═════ Exercise data ═════

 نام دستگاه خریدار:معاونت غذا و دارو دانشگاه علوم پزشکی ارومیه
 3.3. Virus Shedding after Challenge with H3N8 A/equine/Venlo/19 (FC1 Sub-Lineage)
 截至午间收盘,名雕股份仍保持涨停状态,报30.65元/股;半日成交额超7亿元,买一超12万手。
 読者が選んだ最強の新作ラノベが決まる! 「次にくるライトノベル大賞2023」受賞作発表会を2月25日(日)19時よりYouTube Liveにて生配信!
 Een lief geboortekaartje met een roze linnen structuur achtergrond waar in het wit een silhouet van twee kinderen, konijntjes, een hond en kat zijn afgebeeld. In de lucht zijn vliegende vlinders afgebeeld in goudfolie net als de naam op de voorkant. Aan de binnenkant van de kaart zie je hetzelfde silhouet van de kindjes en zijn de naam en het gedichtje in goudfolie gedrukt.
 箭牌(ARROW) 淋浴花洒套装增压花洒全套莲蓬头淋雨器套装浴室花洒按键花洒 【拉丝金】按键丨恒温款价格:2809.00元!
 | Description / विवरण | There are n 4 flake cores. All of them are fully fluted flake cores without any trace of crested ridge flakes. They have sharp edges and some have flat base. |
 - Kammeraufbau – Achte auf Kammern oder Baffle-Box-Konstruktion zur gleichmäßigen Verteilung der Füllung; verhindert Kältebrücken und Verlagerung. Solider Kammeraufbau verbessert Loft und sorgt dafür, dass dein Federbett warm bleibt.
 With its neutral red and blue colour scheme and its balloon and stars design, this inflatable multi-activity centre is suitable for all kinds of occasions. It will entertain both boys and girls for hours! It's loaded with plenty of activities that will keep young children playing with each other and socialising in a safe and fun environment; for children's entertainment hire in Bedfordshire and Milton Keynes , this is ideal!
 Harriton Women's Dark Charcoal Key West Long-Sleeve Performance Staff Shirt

═════
═════ Exercise data ═════

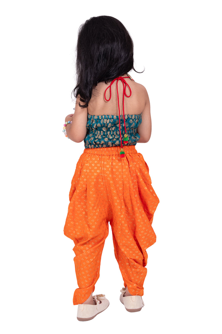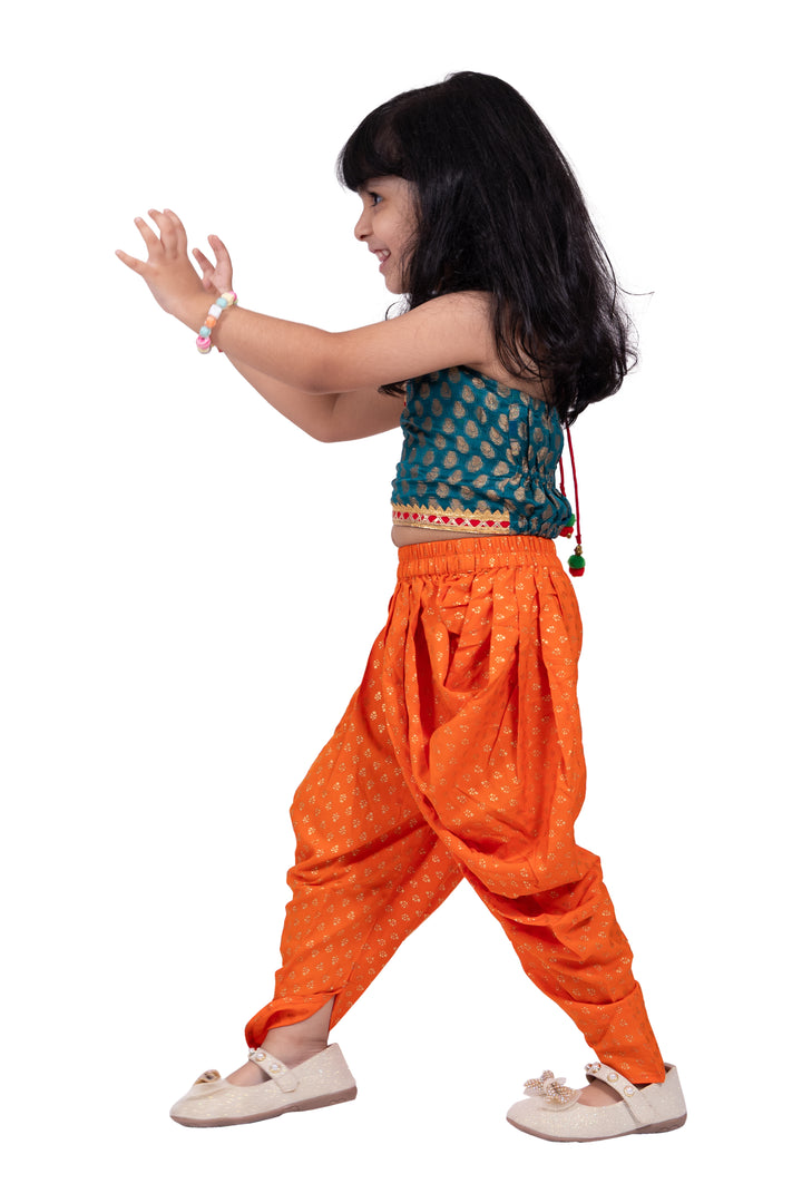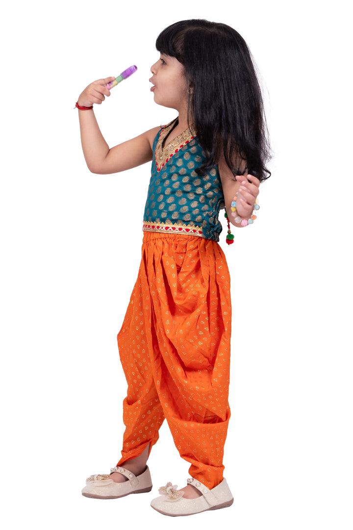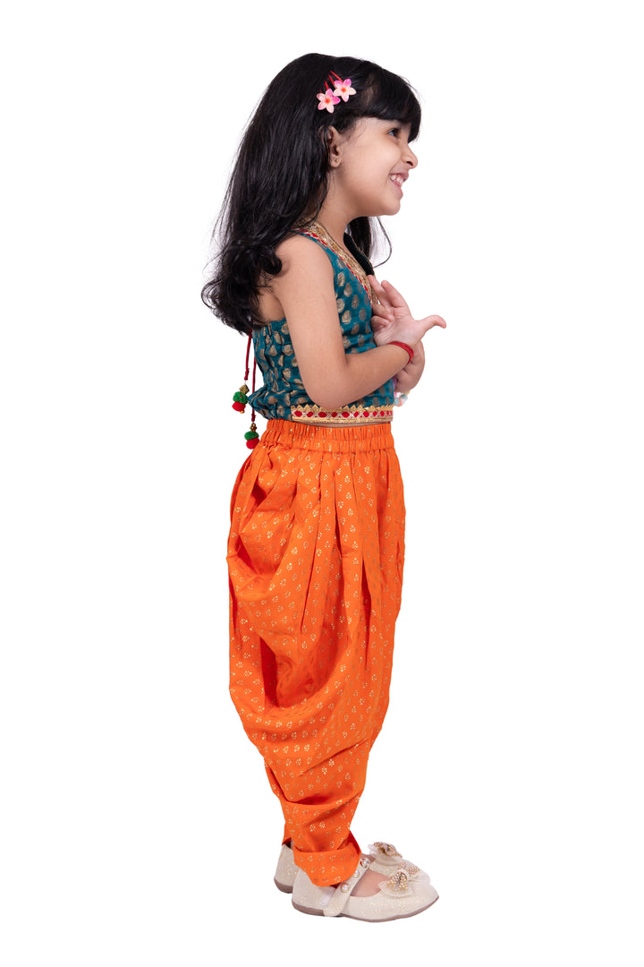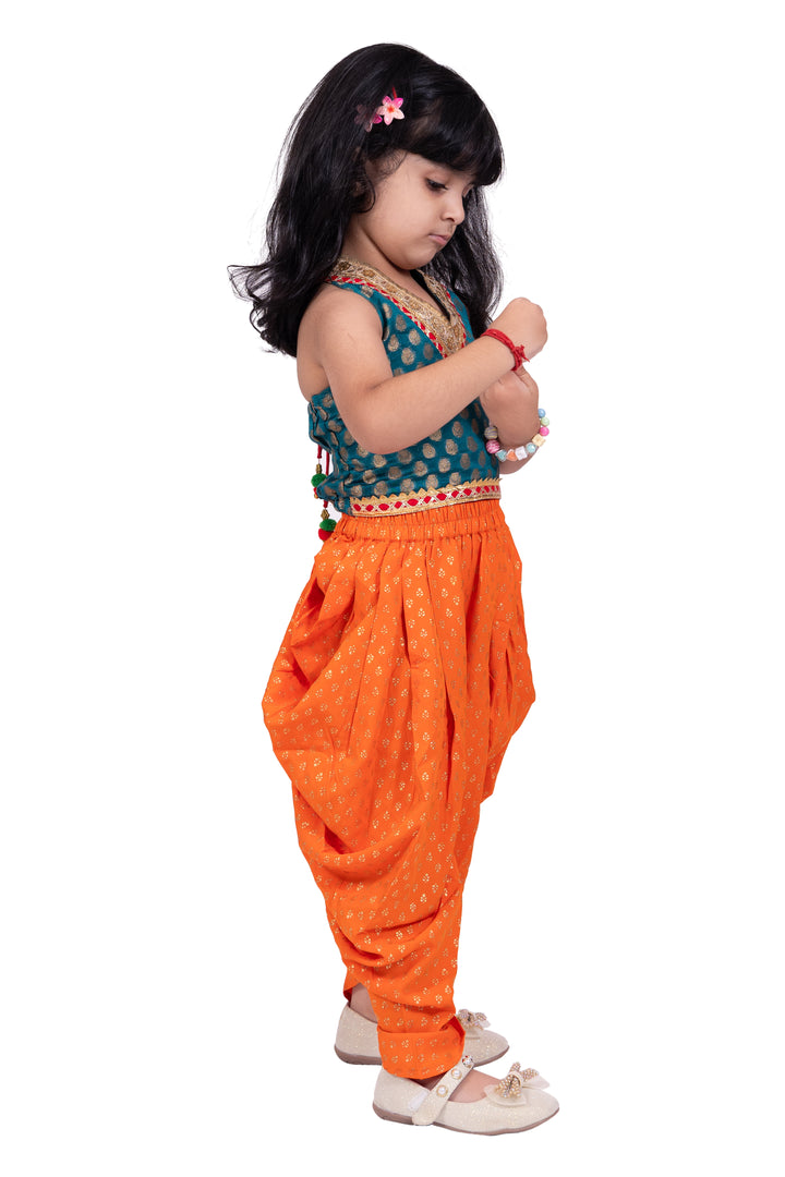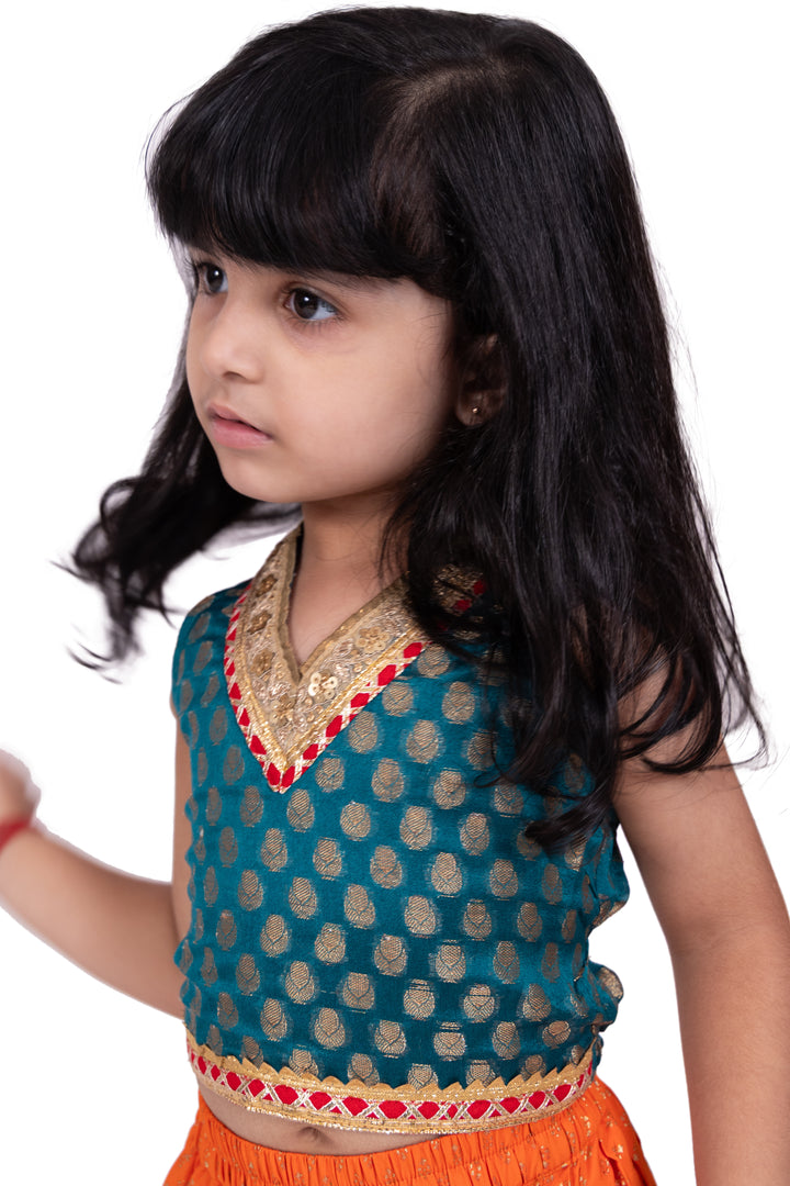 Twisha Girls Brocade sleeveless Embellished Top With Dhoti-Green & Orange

═════
═════ Exercise data ═════

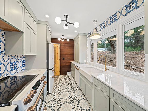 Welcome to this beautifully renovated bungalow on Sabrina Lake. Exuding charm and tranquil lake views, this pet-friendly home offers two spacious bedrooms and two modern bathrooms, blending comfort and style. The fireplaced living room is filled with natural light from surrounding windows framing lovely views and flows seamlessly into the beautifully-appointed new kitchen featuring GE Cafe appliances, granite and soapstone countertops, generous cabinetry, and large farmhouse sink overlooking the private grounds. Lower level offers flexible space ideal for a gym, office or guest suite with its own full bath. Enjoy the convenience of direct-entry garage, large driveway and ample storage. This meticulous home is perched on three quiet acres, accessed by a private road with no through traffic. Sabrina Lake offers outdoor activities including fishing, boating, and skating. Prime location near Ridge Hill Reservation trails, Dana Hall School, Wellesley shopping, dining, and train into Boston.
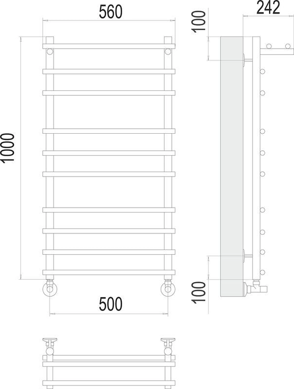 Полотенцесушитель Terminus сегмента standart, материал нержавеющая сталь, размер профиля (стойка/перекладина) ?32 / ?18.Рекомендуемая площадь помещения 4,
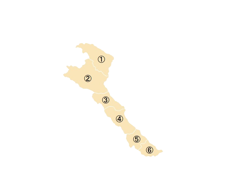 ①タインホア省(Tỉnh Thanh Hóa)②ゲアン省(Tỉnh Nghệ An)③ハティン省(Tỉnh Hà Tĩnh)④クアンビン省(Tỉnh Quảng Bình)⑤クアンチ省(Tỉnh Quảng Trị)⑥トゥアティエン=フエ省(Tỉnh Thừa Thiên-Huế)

═════

• [What the exercise asks]
In the entries above, find the line holding "With its neutral" and the line holding "Harriton Women's Dark", then retype exactly those two lines and every line between them, and nothing else.

• [Exercise response]
 With its neutral red and blue colour scheme and its balloon and stars design, this inflatable multi-activity centre is suitable for all kinds of occasions. It will entertain both boys and girls for hours! It's loaded with plenty of activities that will keep young children playing with each other and socialising in a safe and fun environment; for children's entertainment hire in Bedfordshire and Milton Keynes , this is ideal!
 Harriton Women's Dark Charcoal Key West Long-Sleeve Performance Staff Shirt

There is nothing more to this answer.